На улице успело полностью стемнеть, а Джай блуждал в «четырех стенах», раздумывая над утренней паникой и придя к мнению, что она была преждевременной. Кому какое дело, куда ушла партия? Главным было в срок вернуть деньги, и время на это у него еще было. Жалось о потраченном в безделье дне не успела осесть в голове Джая, потому что он почти сразу пришел к выводу, что отходняк все равно надо было где-то пережить, и, если уж так вышло, то почему бы не здесь? Правда Джай не совсем понимал, почему Рэдвуд его впустил и, более того, зачем заставил остаться? Кеплер был уверен, что уже этой ночью вновь окажется на улице, вынужденный искать какую-нибудь вписку, и с радостью предпочел бы избежать при этом неудобной встречи и еще менее удобного разговора с Гленном, которые, парень был уверен, обязательно случатся по приходу хозяина квартиры домой. Но заставить себя уйти раньше, чем вернется Рэдвуд, Кеплер так и не смог. Это было бы слишком подло и неблагодарно даже по меркам Джая, хоть благодарность Джая, наверняка, была последним, что требовалось Гленну.

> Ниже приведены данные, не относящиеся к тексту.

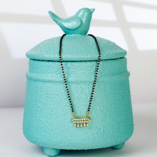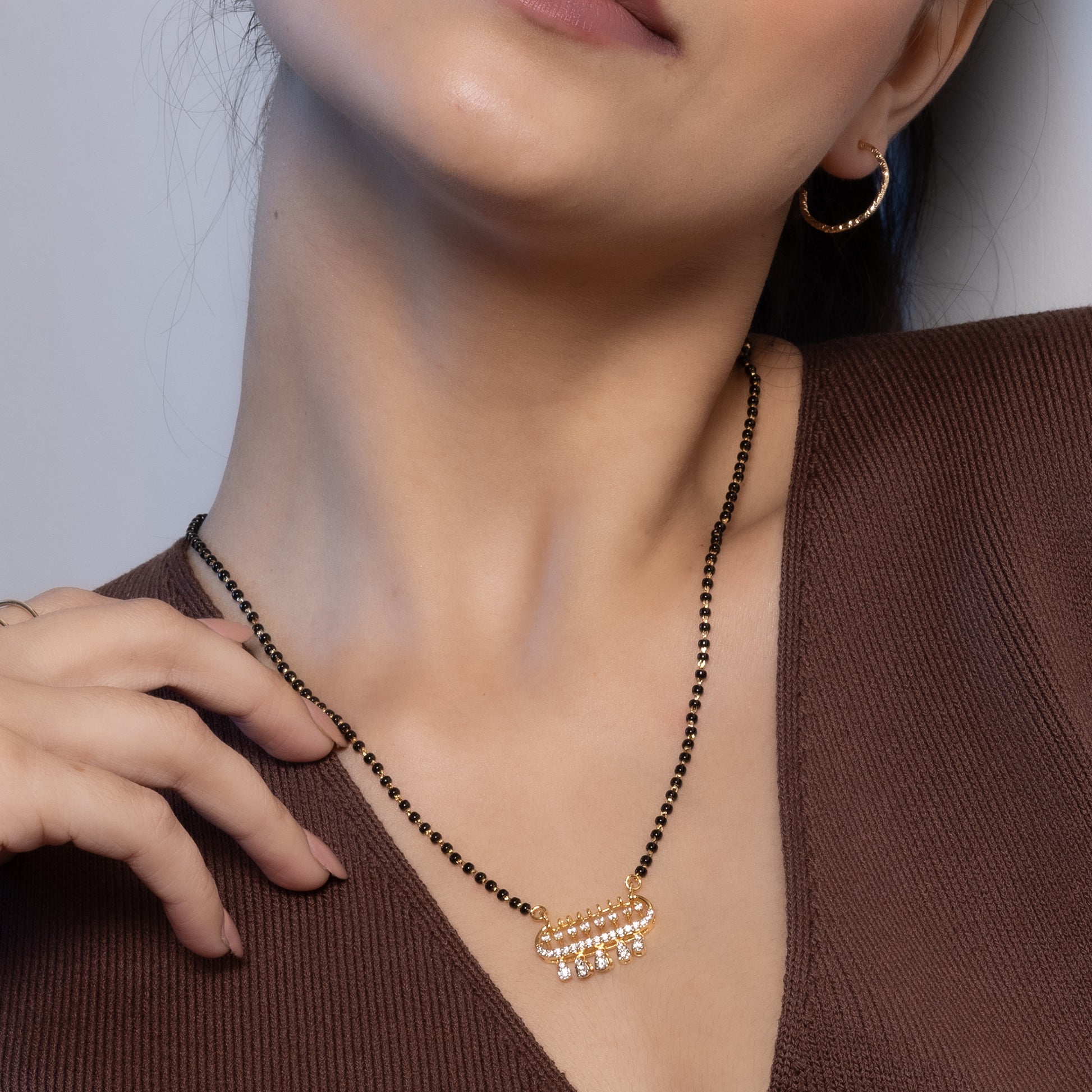 The gold-laid Radiant Drop mangalsutra is a graceful ode to eternal love and strength. Adorned with a lock-and-key feature, it reflects purity and devotion while blending seamlessly with modern elegance. Crafted in 24k gold, it is a perfect piece for everyday wear or special occasions.

Мысль о том, что, должно быть, скоро доктор должен вернуться, неприятно резанула нервы. Джай не знал, чего ему ожидать и что говорить. Он не знал даже, как смотреть в глаза Гленну. Теперь уже не только потому, что боялся увидеть в них лед, но и потому, что сегодня подтвердил все слова Рэдвуда о плачевности его образа жизни своим собственным примером. И к сердечным переживаниям скоро должна была неотвратимо присоединиться раздавленная гордость. Будто Джаю в жизни и без этого не хватало поводов для волнения.
Не умея справиться с нервами, уставший и, буквально, истонченный выматывающим днем, Джай не нашел ничего лучшего, чем, прихватив найденную пачку сигарет, отправиться на балкон. Пепельницы, конечно, здесь уже не было, но Кеплеру было все равно. Так же все равно, как и то, что босым ногам было холодно, волосы еще не до конца высохли, а на улице была вообще-то зима. Парень методично выкуривал одну за другой, поджигая каждую последующую сигарету о тлеющий окурок предыдущей.